Trending Topics

Boston medic reflects on marathon bombing

Eight months later, paramedic Katherine Dwyer recalls the challenges and triumphs — including seeing her first patient featured as a survivor on local news

Dwyer300x290-1.jpg

Boston medic Katherine Dwyer.

Boston paramedic Katherine Dwyer never leaves the house without tourniquets.

She has some in her jump bag, her PPO bag and her flat vest — and also in her car, her truck and her purse. And she has taught all her loved ones how to properly use them, with the hope they will never have to.

“That’s my PTSD takeaway,” Dwyer said.

Around 80 percent of the 2013 Boston Marathon bombing victims required a tourniquet, and there weren’t enough to go around. Many news stories told of people using belts, clothing, and anything they could get their hands on. Dwyer at one point turned to surgical drain hosing and a couple of Kelly clamps.

She was in the medical tent attending to a runner when the first bomb went off.

“I remember thinking very quickly ‘We don’t do anything with cannons,’” she said. “By the time I finished the thought, the second one had gone off. And I knew.”

Everything was still for a moment, then she heard a wave of voices and pounding footsteps as people ran from the explosion, and an announcement inside the medical tent said to prepare to receive large numbers of casualties.

“It happened so fast, we didn’t have time to think what to do,” she said. It was mostly a blur, but she does remember her first patient, a middle-aged woman brought in with one of the wheelchairs reserved for fatigued runners at the finish line.

The woman had a blast injury to her left leg below the knee. Dwyer applied a tourniquet just above the knee, and marked her with an urgent, red triage tag.

“And went on to the next one,” she said. But unlike others she treated, Dwyer remembers her face.

“I’m pretty sure I’ve seen her afterward on some of the news reports,” she said. But she’s not certain; the healthy-looking person on TV is almost unrecognizable from the pale patient in her tent.

“The sickest people had lost such an incredible amount of blood,” she said. “They’re pink now. Before, they were gray.”

Difficult conversations
Outside the tent, anyone with a medical background — and many without — was trying to help. Podiatrists carried victims and emergency room nurses yelled for IVs, but there were no IVs. Everyone had tunnel vision: save the life in front of you. They didn’t have Dwyer’s mass casualty training.

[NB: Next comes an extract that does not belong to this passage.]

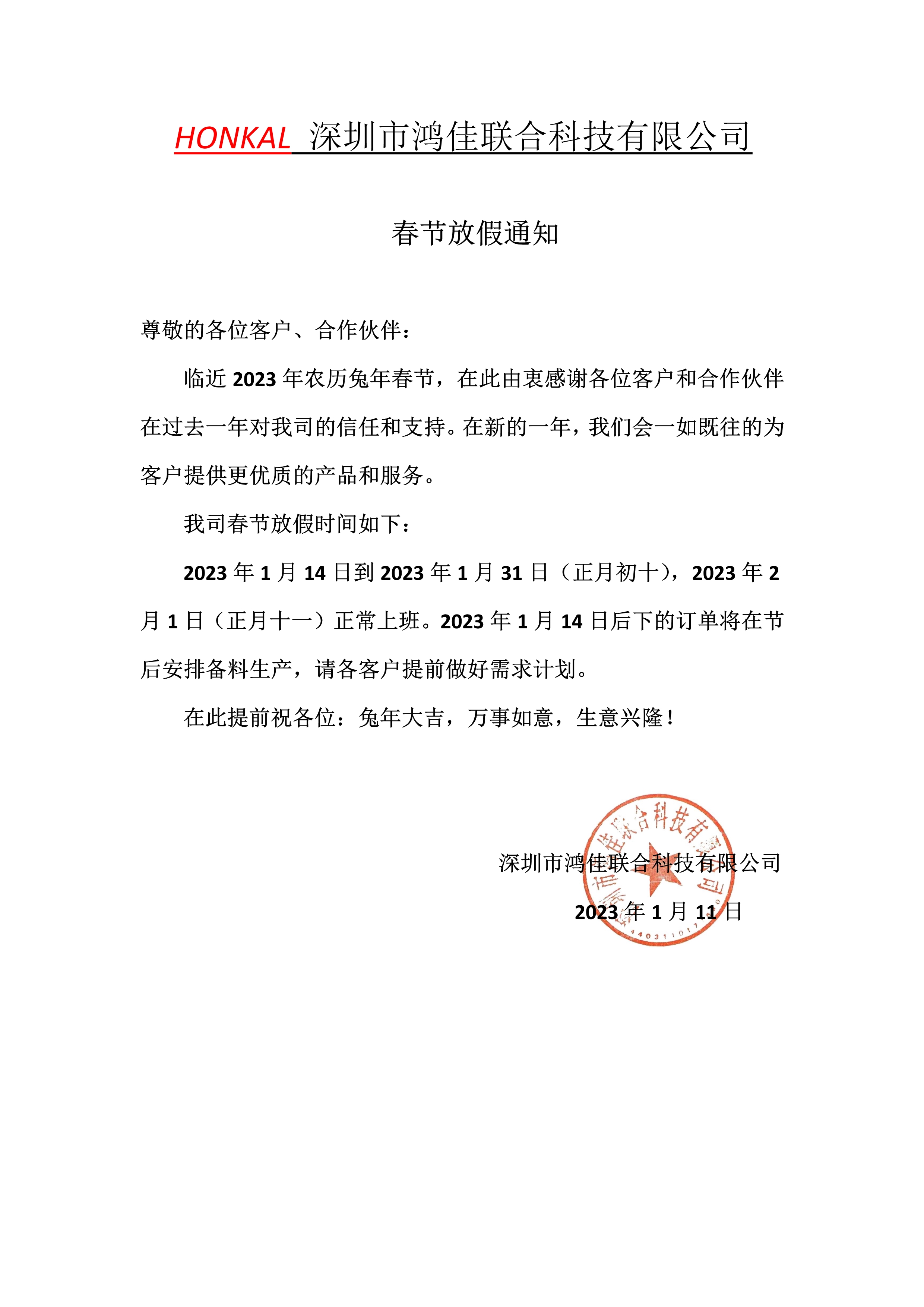 深圳市鴻佳聯合科技有限公司2023年放假通知

“Some of the more difficult aspects were working with a huge number of medical volunteers who didn’t know, OK, here’s the plan,” Dwyer said. One of her recommendations after the action was to provide functional awareness-level triage training to volunteers so they at least have a sense of how EMS service works in such a situation.

One of her most difficult moments was seeing either volunteers or bystanders calling for help for a victim in traumatic arrest.

“It was very difficult to let them know this is not a survivable patient and there’s nothing we can do,” Dwyer said. “I wouldn’t have had to have that conversation with an EMS provider. That changes the ball game, but we couldn’t have done it without them.”

Just doing her job
The fact that a mass casualty incident structure was already in place at the Boston Marathon was also a best case scenario, and a saving grace.

“We had an MCI within an MCI,” she said. “Shame on us if it didn’t go well.”

Over the eight months since the incident, Dwyer has heard many stories about survivors being reunited with rescuers, along with efforts to show appreciation toward Boston EMTs with gifts and recognitions.

“My instinct is, why don’t you give this to the patient?” she said. Watching many of the victims adjust to using artificial limbs has been thanks enough.

“It’s gratifying to see them up and walking around,” she said. “They’re going to be able to live productive, happy lives.”